Pour faire croire à Dominique que Maxwell était un papa attentionné, Myra prit l’habitude de lui écrire de fausses cartes postales signées « Vernon ». Quand ce dernier établit enfin le contact avec son fils, ce fut pour l’emmener passer un test de paternité… En le quittant, l’ex-Rocket lui donna 40 $ pour acheter son silence. Maman fut quand même alertée. Elle avait connu Maxwell au lycée. Il leur arrivait souvent de regarder des matches NBA. Vernon pointait le doigt vers l’écran et affirmait qu’un jour, il serait sur le parquet.
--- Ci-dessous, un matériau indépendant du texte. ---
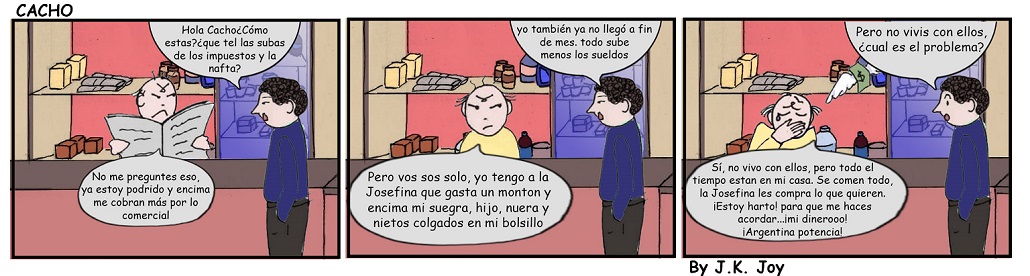 El personaje principal de la tira cómica de Diario Cuarto Poder , Cacho, Creado por J.K. Joy, no quiere escuchar los lamentos de su amigo ya que le hace pensar en los gastos de su casa
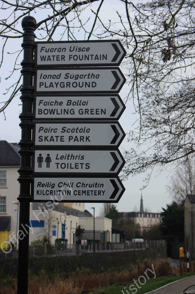 The park is in the townland of Kilcruttin and is bounded on the west by the Tullamore River and on the east by Cormac Street. The land was part of the Lloyd’s farm and Lloyd’s grocery was in nearby Cormac Street where the sports gear shop is now located.
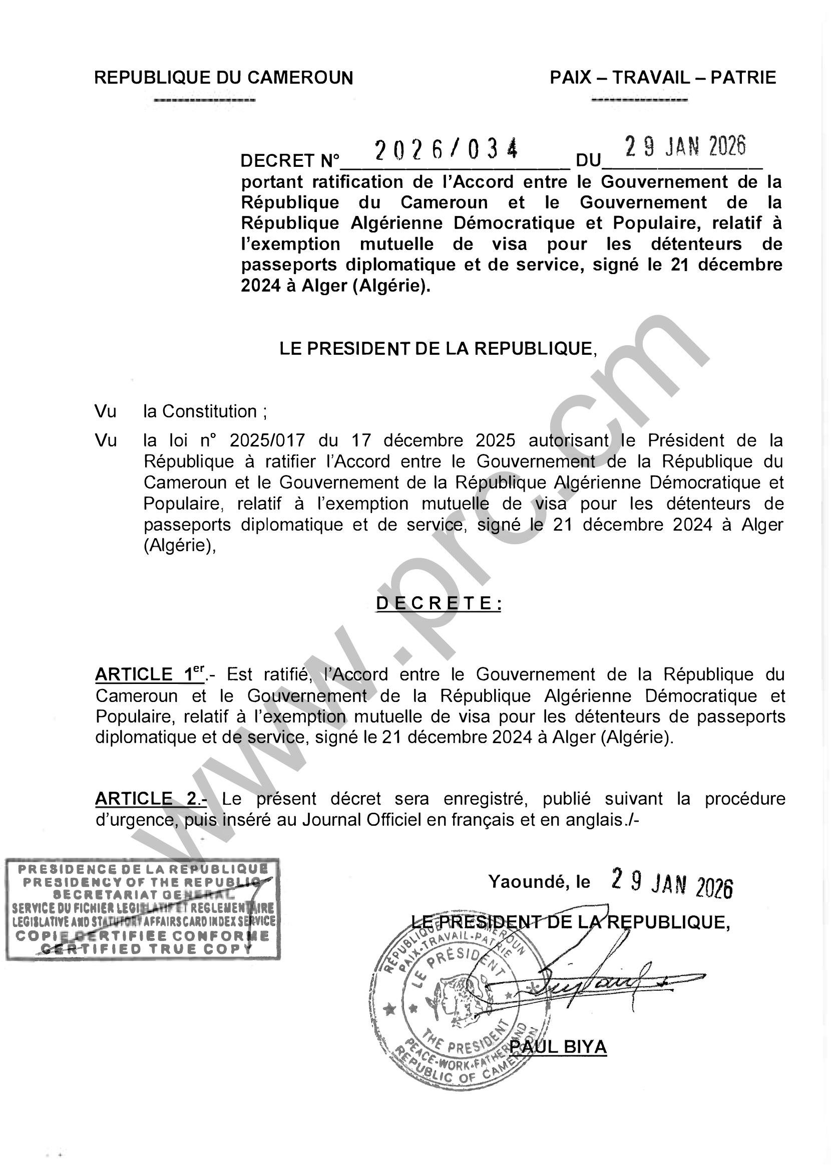 Décret N°2026/034 of 29 janvier 2026 portant ratification de l'Accord entre le Cameroun et l’Algérie, relatif à l'exemption mutuelle de visa pour les détenteurs de passeports diplomatique et de service Imprimer Tweet Télécharger (pdf) < Précédent Suivant >
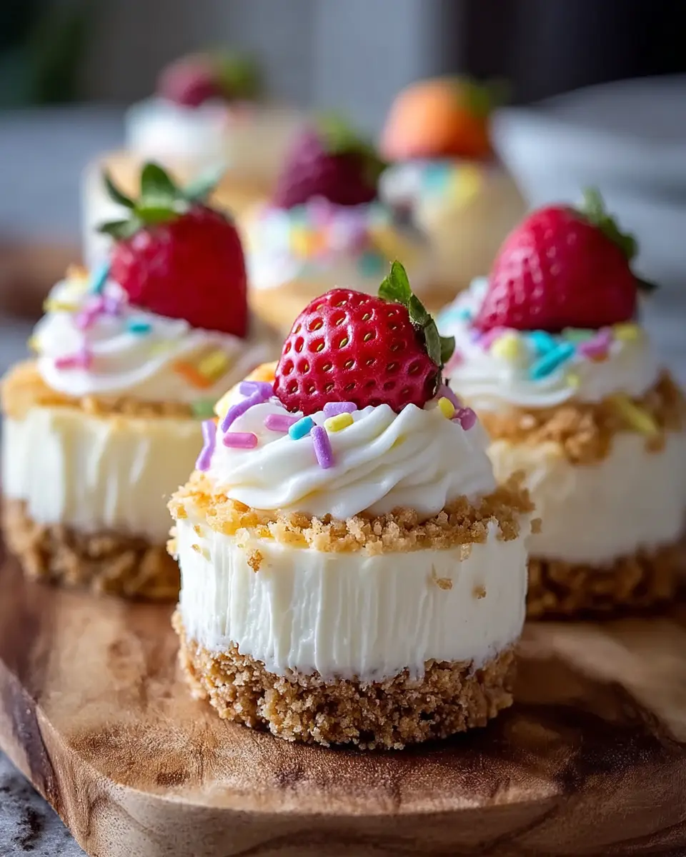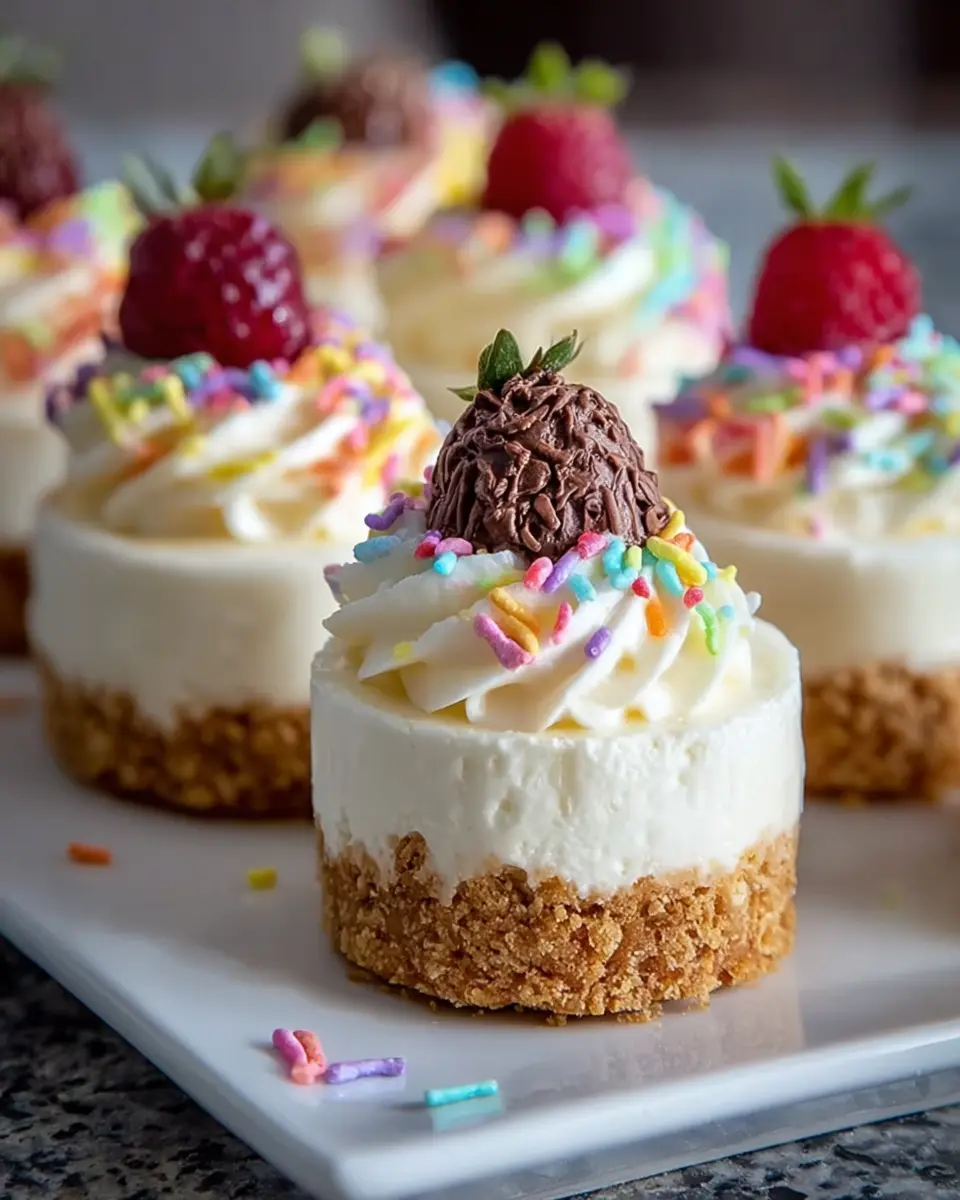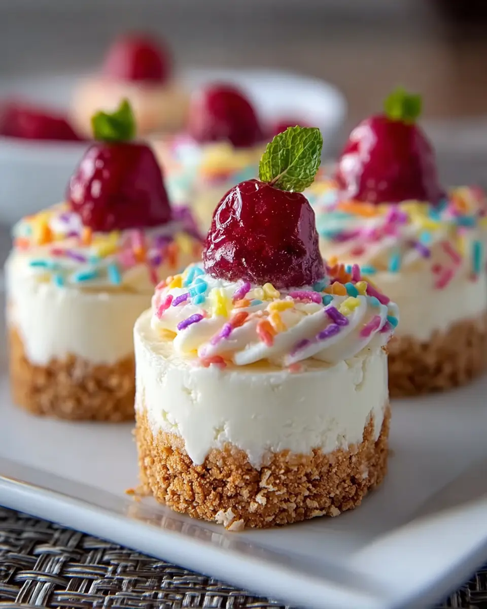 Feel free to top your beautiful creations with sprinkles or candies right before serving, adding a pop of color and fun! Now you’re ready to enjoy these no-bake mini cheesecakes; perfect for any occasion!

« Ce fut un très grand joueur de basket », commente Myra. « Vous ne pouvez pas lui retirer ça. Mais ça ne fait pas de lui quelqu’un de bien. Ça ne fait pas de lui un bon père. »
« J’ignore les étapes par lesquelles Vernon est passé », déclara Rick Swain, son coach au lycée. « Tout au long de sa vie, il a eu beaucoup de choix à faire et il en a fait de mauvais. Je sais simplement que nous avons effectué un bout de chemin ensemble quand il prenait plaisir à jouer au basket. Quand je pense à Vernon, je préfère me souvenir de ces moments-là. »
Stats
13 ans
855 matches (497 fois starter)
12.8 pts, 2.6 rbds, 3.4 pds, 1.1 int, 0.2 ct
39.8% aux tirs, 32% à 3 points, 73.3% aux lancers francs
Palmarès
Champion NBA : 1994, 95
Highlights
* Lire « Richard Dumas, coke en stock »
** Cinq autres joueurs ont fini deux années de suite en tête de la Ligue pour le nombre de paniers à 3 points réussis : Darrell Griffith en 1984 et 85 (91, 92) ; Larry Bird en 1986 et 87 (82, 90) ; Michael Adams en 1989 et 90 (166, 158) ; Dan Majerle en 1993 et 94 (167, 192) ; Ray Allen en 2002 et 03 (229 et 201) : Stephen Curry en 2014 et 2015 (261 et 286).
*** Outre Maxwell, sept joueurs ont réussi à marquer 30 points ou plus dans un quart-temps : Klay Thompson (37), Kevin Love (34), George Gervin et Carmelo Anthony (33), David Thompson (32), Wilt Chamberlain (31), Michael Jordan et Kobe Bryant (30).